The opening of the new Designers & Artists 4 Genomics exhibition is a fact! In the crowded Life Science room in Naturalis, the winning teams of designers/artists and scientists were put in the spotlight. The reactions of the audience present were positive, indicating a growing sense of the importance of such interactions between art and design - the creative sector - science, in this case the Life Sciences. In any case a great moment for all concerned, but certainly for the organizing partners who worked very hard and with much involvement towards this day.
After a short break due to a harmless fire alarm Valerie Frissen (TNO, Erasmus University) told us more about what the beautiful synergy between art and science yields, not only for the two domains, but also for society and the market.
Science journalist Maarten Keulemans did his best to play off art and science against each other, to no avail: both disciplines indicated they learned a lot from each other's trade and they even came to new insights thanks to the collaboration! The Netherlands Metabolomics Centre will continue the urine research of Aqua Vita and another winner, the Centre for Genomic Gastronomy, is working with Mark Post of the University of Maastricht to grow 'lab meat", meat grown in laboratory conditions that makes the slaughter of animals unnecessary.

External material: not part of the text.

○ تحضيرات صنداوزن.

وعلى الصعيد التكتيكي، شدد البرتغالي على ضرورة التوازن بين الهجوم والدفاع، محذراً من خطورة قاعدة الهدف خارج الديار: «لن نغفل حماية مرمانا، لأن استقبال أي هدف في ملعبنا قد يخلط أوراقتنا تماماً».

This last project - Eat less, live longer and pray for beans - made us laugh about the cultural differences and influences that surfaced: artists from America were inspired by the story of Bartje who would not pray for beans. The bean consumption in the Netherlands has been steadily decreasing for a long time, while beans are healthy and calorie-rich foods with a low carbon food print. Also hilarious: how the always clean & tidy Dutch vigourously scrub away the beautiful lichens that Concrete Lichen wishes to grow, while their so-called 'eco-architecture' can provide a new meaning and sensory quality.
Then it was time to move to the fifth floor where the organizing partners cut the ribbon and we could admire the installations. From the spectacular rotating 'plant meter' (In Vena Verbum) and the flowering lichens to the sleek design of the meals of the future and urinary diary in hand blown glass, this exhibition has surprises in store for you.

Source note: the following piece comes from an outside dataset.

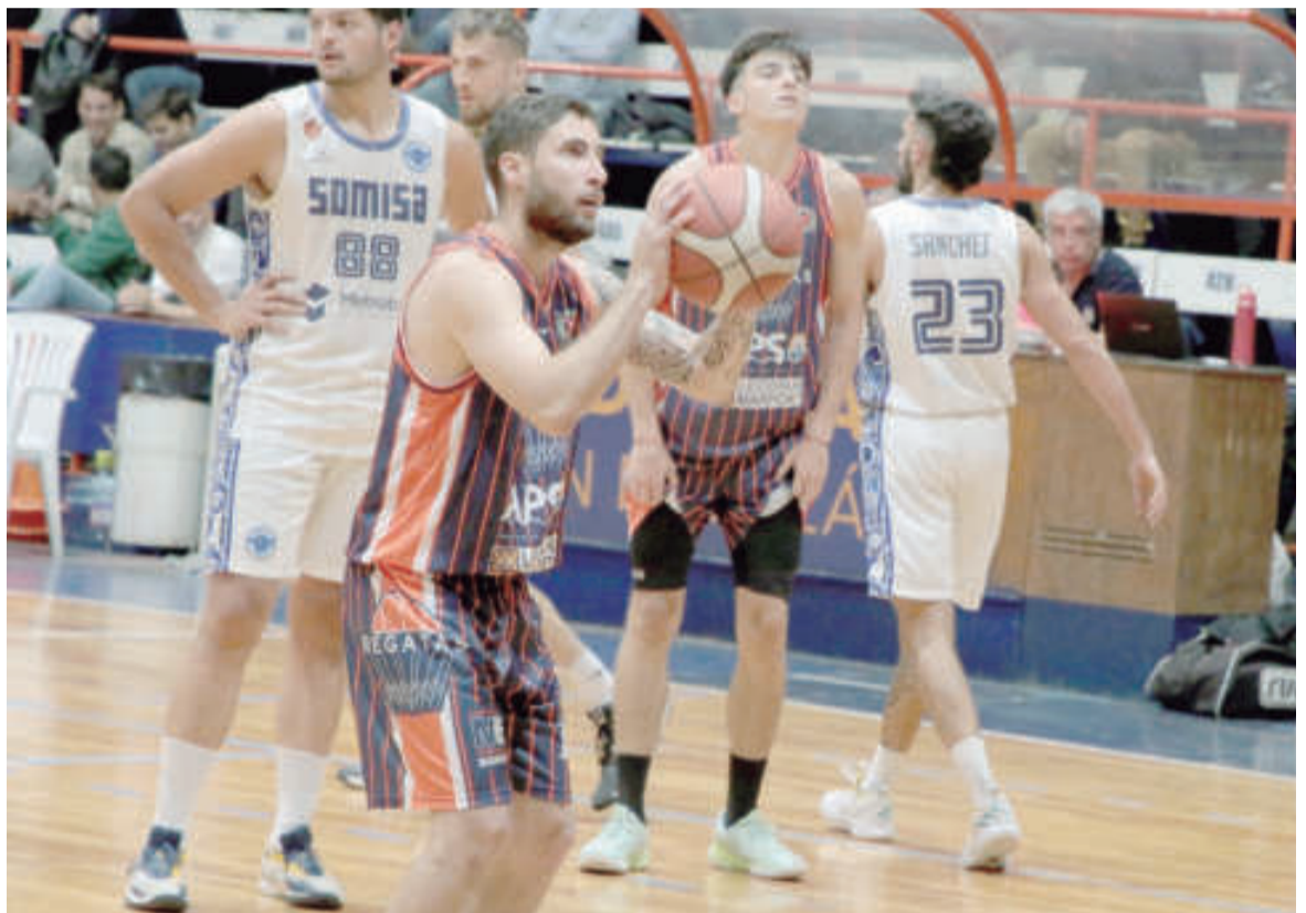
Regatas y Somisa, armados para ser protagonistas.

A partir de allí, por ejemplo, los nicoleños se podrían cruzar con rivales del Sur, que podrían ser Centro Español de Plottier, Pacífico de Neuquén, Del Progreso de General Roca, Independiente de Neuquén, Deportivo Roca, Perfora y El Biguá.

After the opening of the exhibition, one of the winners - Centre for Genomic Gastronomy (CGG) - treated us to a utopian dinner where two Japanese chefs prepared "Corn Smut Croquettes', a delicacy made from a fungus that grows in corn served with the traditional Dutch mayo, considered a delicacy by some, and by others as the plague. CGG will soon be testing with transgenic corn.
This edition of DA4GA has produced spectacular results again thanks to the wonderful balance and ambiguity between scientific and artistic research. Reason enough for Naturalis, CSG, NGI and Waag to announce the third edition.